Severe side effects associated with the systemic administration of IL-12p70, together with its very narrow therapeutic index, have hindered its wider incorporation into investigational cancer vaccine formulations [69]. Moreover, high-dose cytokine administration to cancer patients, rather than stimulating their immune cells to more effectively kill tumor cells, may have the opposite effect, driving the immune machinery into burnout: this might partially explain the negative clinical results of cytokine-based immunotherapy [58]. Notably, and for the first time, the findings reported here provide evidence that ex vivo sequential pretreatment with low-dose SKA-IL-4 and SKA-IL-12 can induce, at least in nonmetastatic colon cancer patients, an improvement of MoDCs’ ability to stimulate naïve CD4+ cell proliferation and IFN-γ production in MLR.

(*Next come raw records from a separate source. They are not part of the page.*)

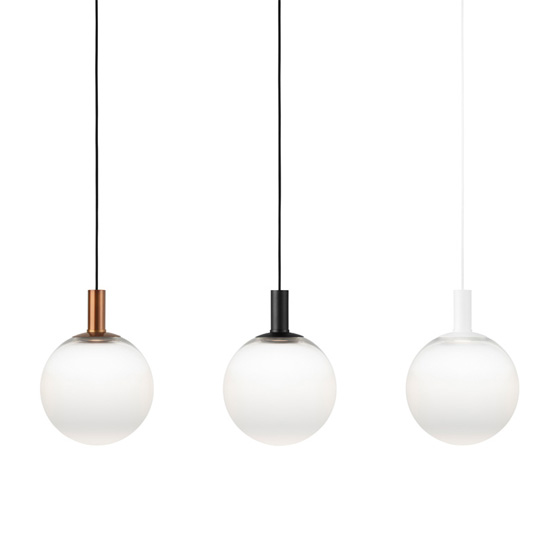 FOG is a lamp based on illusion, created by Front Design for Zero Lighting. These special spherical pendant lamps seem to have no apparent light source, but just a mystical glow shooting from the bottom of the sphere. FOG consists of a glass ball that is frosted at the bottom and graduates to transparent at the top. As stated by Zero Lighting: “The light appears to shoot up from the bottom of the globe, emitting an ambient glow that rises like a magically fiery fog”. The illusion of the light rising from the bottom of the sphere is actually created by a LED light source, well hidden in the socket of the of the lamp. This LED light source illuminates the frosted glass at the bottom so it seams to glow. This effect is strengthened in a dark surrounding, as the contrast between the top and bottom of FOG is more intense. FOG is available with different colour sockets: copper or powder-coated in black or white. There are three different sizes available, which makes FOG very suitable for different situations, put together as a cluster or suspended separately to fit any need.
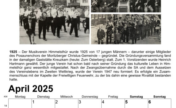 Unter dem Titel „Himmelsthür – Geschichte und Geschichten“ gibt der Ortsrat für das Jahr 2025 wieder einen Jahreskalender heraus. Die zwölf Monatsblätter enthalten geschichtliche Fotos und kurze erläuternde Texte. Dabei orientiert sich die Bildauswahl an runden Jahrestagen der dargestellten Ereignisse. So stellt zum Beispiel das Kalenderblatt im April 2025 die […]
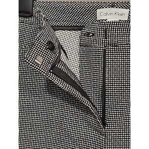 The Calvin Klein Pants for women in size 10 feature a sleek black and white dotted design, making them perfect for formal or dressy occasions. These 4-pocket pants have belt loops for added convenience. Made by the trusted brand Calvin Klein, these regular fit pants are ideal for all seasons and are machine washable for easy care. Perfect for the fashion-forward woman looking for a versatile and stylish addition to her wardrobe.
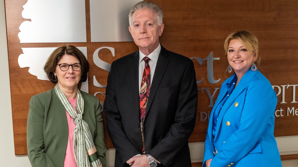 (PHOTO: From left, Mary Leddy, Vice President of Specialty Hospitals, Communications & Branding; John Duemmel, Interim CEO of Select Specialty Hospital – West Tennessee, and Amy Garner – Chief Compliance & Communications Officer – West Tennessee Healthcare)
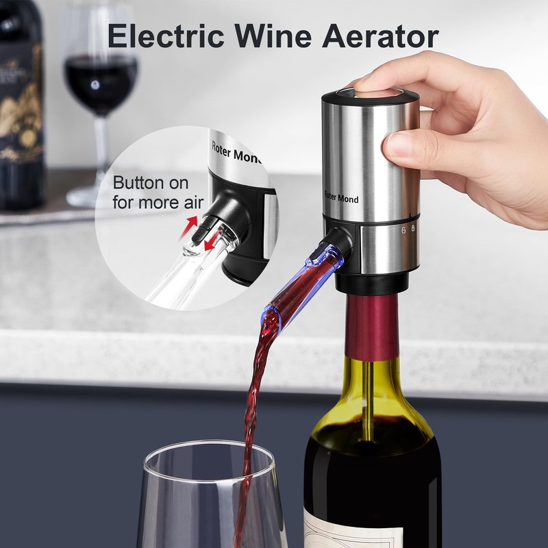 - Wine Accessories Included: The 5-in-1 wine set contains amost all you need, including wine opener, electric wine decanter with aerator, wine foil cutter ,2 push-to-vacuum stoppers with a date scale to record seal time.This wine kit will improve your wine tasting experience.
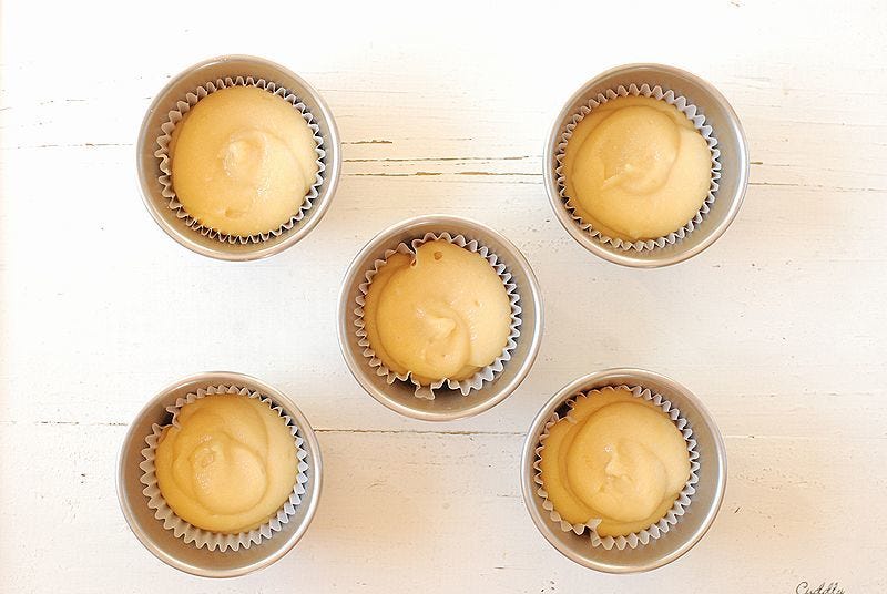 ⑤ 生地を型の8分目までスプーンや絞り袋等を使って入れ、蒸気が上がった蒸し器で約14分、中に火が通るまで蒸す。

In DC-based vaccination against cancer, cytokines play a critical role both ex vivo, to generate the cell populations used in vaccines, and in vivo, as adjuvants to these therapies, to augment the potency and duration of the antitumor response. It may be assumed that low doses of these SKA cytokines, which can be administered chronically over long periods without any deleterious side effects [70], could keep tumor growth under control by restoring and maintaining an effective immune response against tumor cells.

Although the significance of the present ex vivo study is somewhat limited because of the small number of donor patients, it is nevertheless indicative. SKA-IL-4 and SKA-IL-12, by virtue of their biological activities at low-physiological-range doses, most certainly deserve further investigation.